FROM THE #NF10FOR10 COMMUNITY ARCHIVES:

Award-winning artist Sylvia Long has teamed with up-and-coming author Dianna Aston to create this gorgeous and informative introduction to eggs. From tiny hummingbird eggs to giant ostrich eggs, oval ladybug eggs to tubular dogfish eggs, gooey frog eggs to fossilized dinosaur eggs, it magnificently captures the incredible variety of eggs and celebrates their beauty and wonder.The evocative text is sure to inspire lively questions and observations. Yet while poetic in voice and elegant in design, the book introduces children to more than 60 types of eggs and an interesting array of egg facts. Even the endpapers brim with information. A tender and fascinating guide that is equally at home being read to a child on a parent’s lap as in a classroom reading circle.

The biggest snake, the anaconda, can swallow a deer or goat whole. The smallest mammal, the Etruscan shrew, could easily sleep in a teaspoon. In a striking full-color collage, each spread of Biggest, Strongest, Fastest portrays an animal that stands out in the animal world as the largest, slowest, longest lived. Readers can see the animal’s size in relation to something familiar, and a chart on the last page indicates the size, weight, and diet of each animal, as well as where it can be found in the wild. Biggest, Strongest, Fastest is an entertaining, informative introduction to the world records” held by fourteen members of the animal kingdom. “

We can be sure of this: It’s a circle without end. It’s pumpkin seeds to pumpkins to pumpkin seeds again! This treat of a picture book comes cloaked in the colors of fall. Bouncy verse and glowing photographs show a backyard pumpkin patch move through its natural cycle — a bug’s eye and a bird’s high view of seeds sprouting, flowers blooming, bees buzzing, pumpkins growing . . .and then going back to earth.

The clouds drift across the bright blue sky–all except one. Little Cloud trails behind. He is busy changing shapes to become a fluffy sheep, a zooming airplane, and even a clown with a funny hat. Eric Carle’s trademark collages will make every reader want to run outside and discover their very own little cloud.

Over the snow, the world is hushed and white.

But under the snow is a secret world of squirrels and snowshoe hares, bears and bullfrogs, and many other animals who live through the winter, safe and warm.

OVER AND UNDER THE SNOW takes readers on a cross country ski trip through the winter woods to discover the secret world of animals living under the snow.

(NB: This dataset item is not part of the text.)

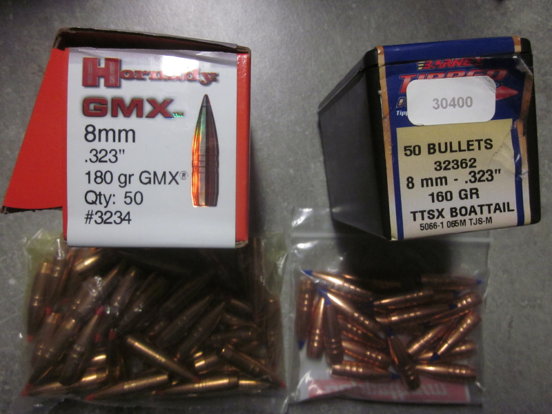 Sie bieten hier auf bleifreie Geschosse im Kaliber 8 mm (Dia .323) in der jeweiligen Originalverpackung aus einem Jäger/Wiederlader Nachlass
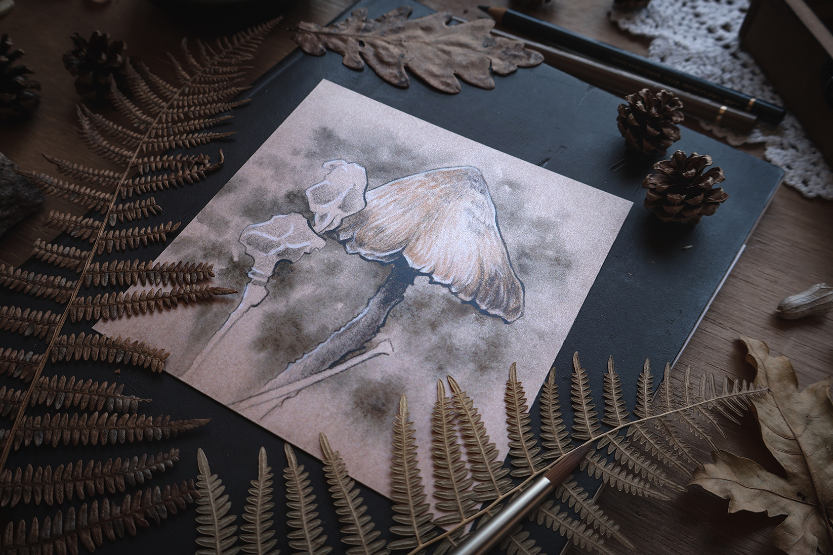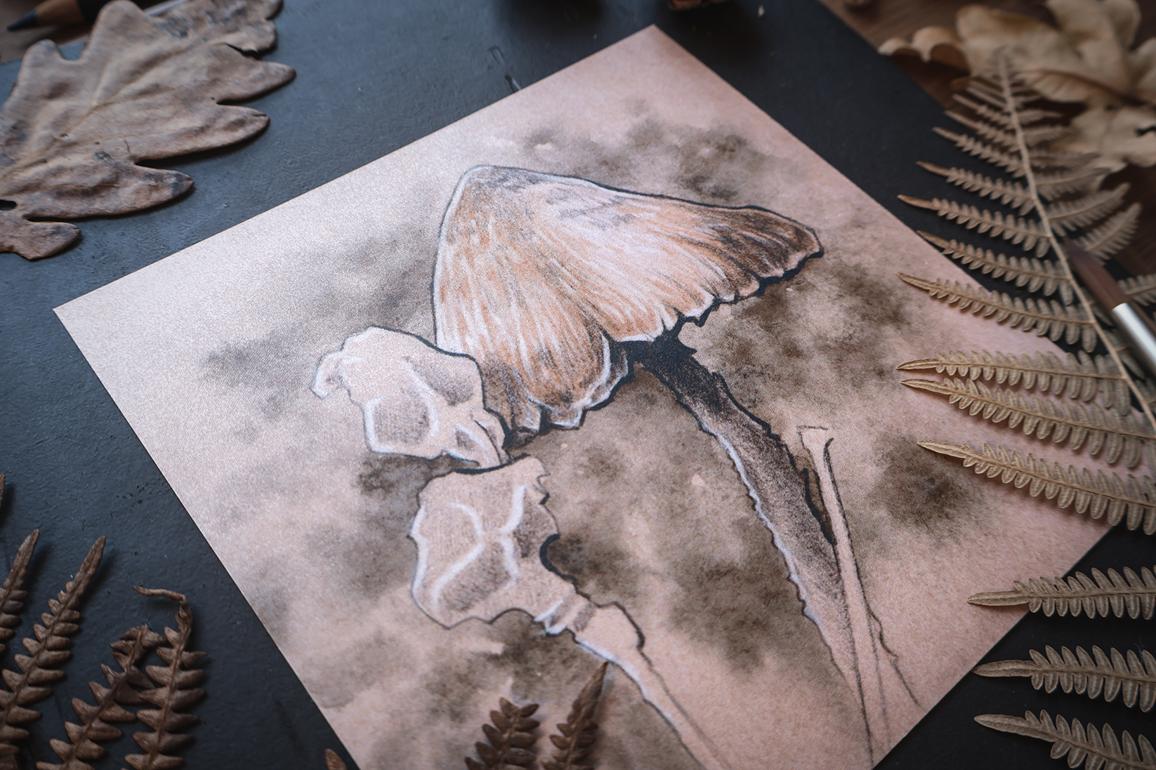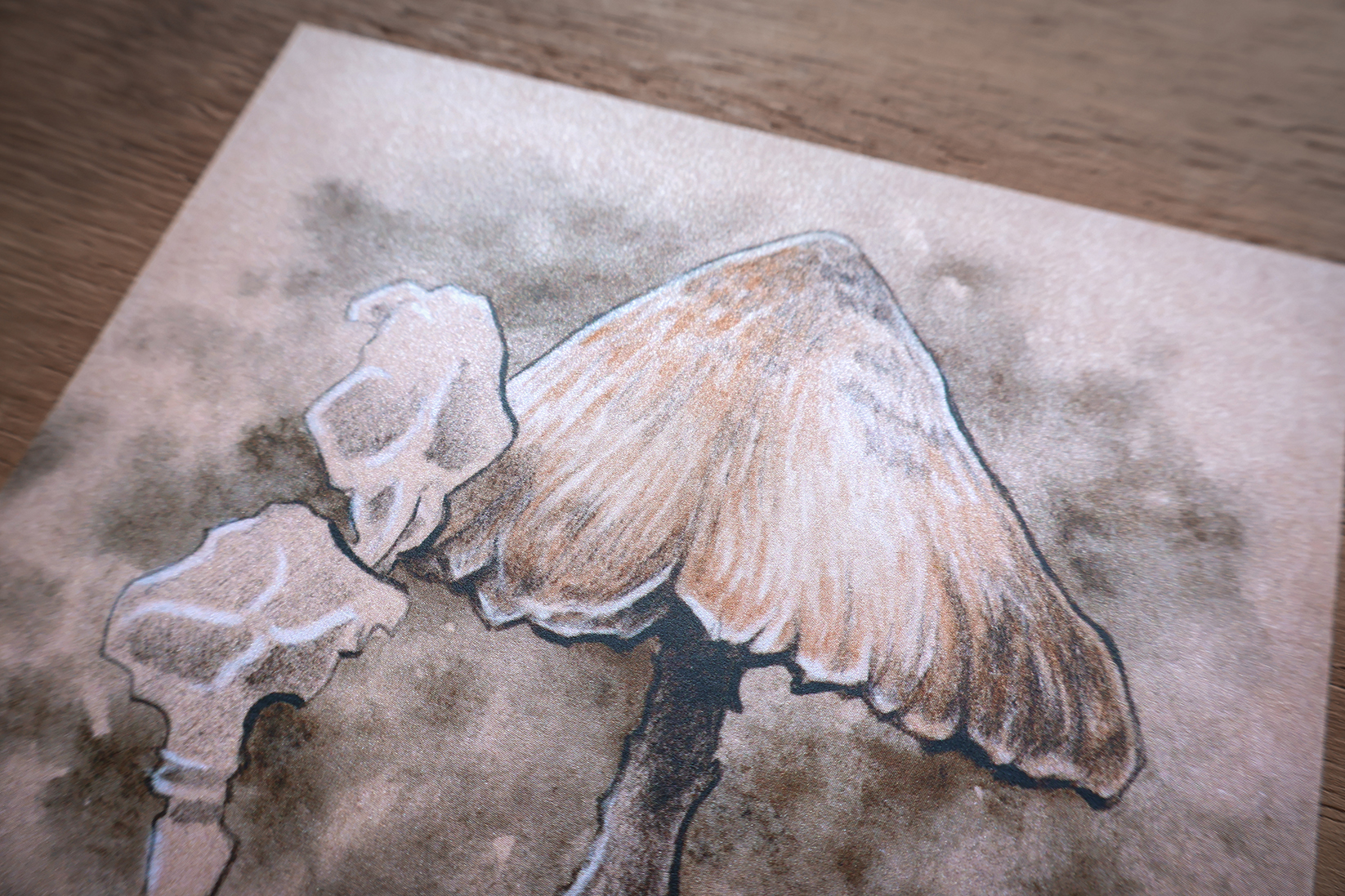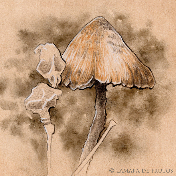 Pequeña impresión que reproduce la ilustración original de un viejo hongo del género Psilocybe, encontrado entre la hojarasca de un húmedo bosque.

How do snow crystals form? What shapes can they take? Are no two snow crystals alike? These questions and more are answered inside this exploration of the science of snow, featuring photos of real snow crystals in all their beautiful diversity. Perfect for reading on winter days, this book by a nature photographer and a snow scientist will inspire wonder and curiosity about the marvels of snow. Snowflake-catching instructions are also included for aspiring young snow scientists!

Wonderful Worms encourages an appreciation for the small creatures of the earth by explaining the vital role that earthworms play in the planet’s ecosystem. The book also contains informative charts and cross-section illustrations of the worm’s underground environment.

ADD TO THE LIST SOME NEW TITLES:

Now babies can learn all about the things that go in a book that’s indestructible. With call-out identifications on each spread, Things That Go! is a vibrant introduction to those irresistible vehicles that fly, drive, sail, dig, lift, dump, and more.

Apparently, this book is 100 percent baby-proof, chew-proof, rip-proof, and drool-proof, which sounds amazing. Indestrucibles are not new, new, but they are certainly new for me!

Look for Momo hiding on a farm, in a bookstore, at a construction site, and in other unlikely locations (the photos are also loaded with other hidden objects for kids and parents to find together). Perfect for bedtime reading, car trips, playtime, or anytime, Let’s Find Momo is part art book, part puzzle book, and all fun!

BORDER COLLIES! Whether the dog’s name is Momo or Satchmo, we love border collies. Here is our Satchmo looking as intense as only a border collie can.

Finally, LOVE.

Love is an abstract idea and artists of all ilks attempt to capture its essence. I needed to include this book because love is not fiction, is it?

Here Matt de La Pena and Loren Long illustrate love for us in ways that are deeply satisfying and terrifying. They recognize the complexity of love and its ability to sustain us in spite of its intangibility and its guises.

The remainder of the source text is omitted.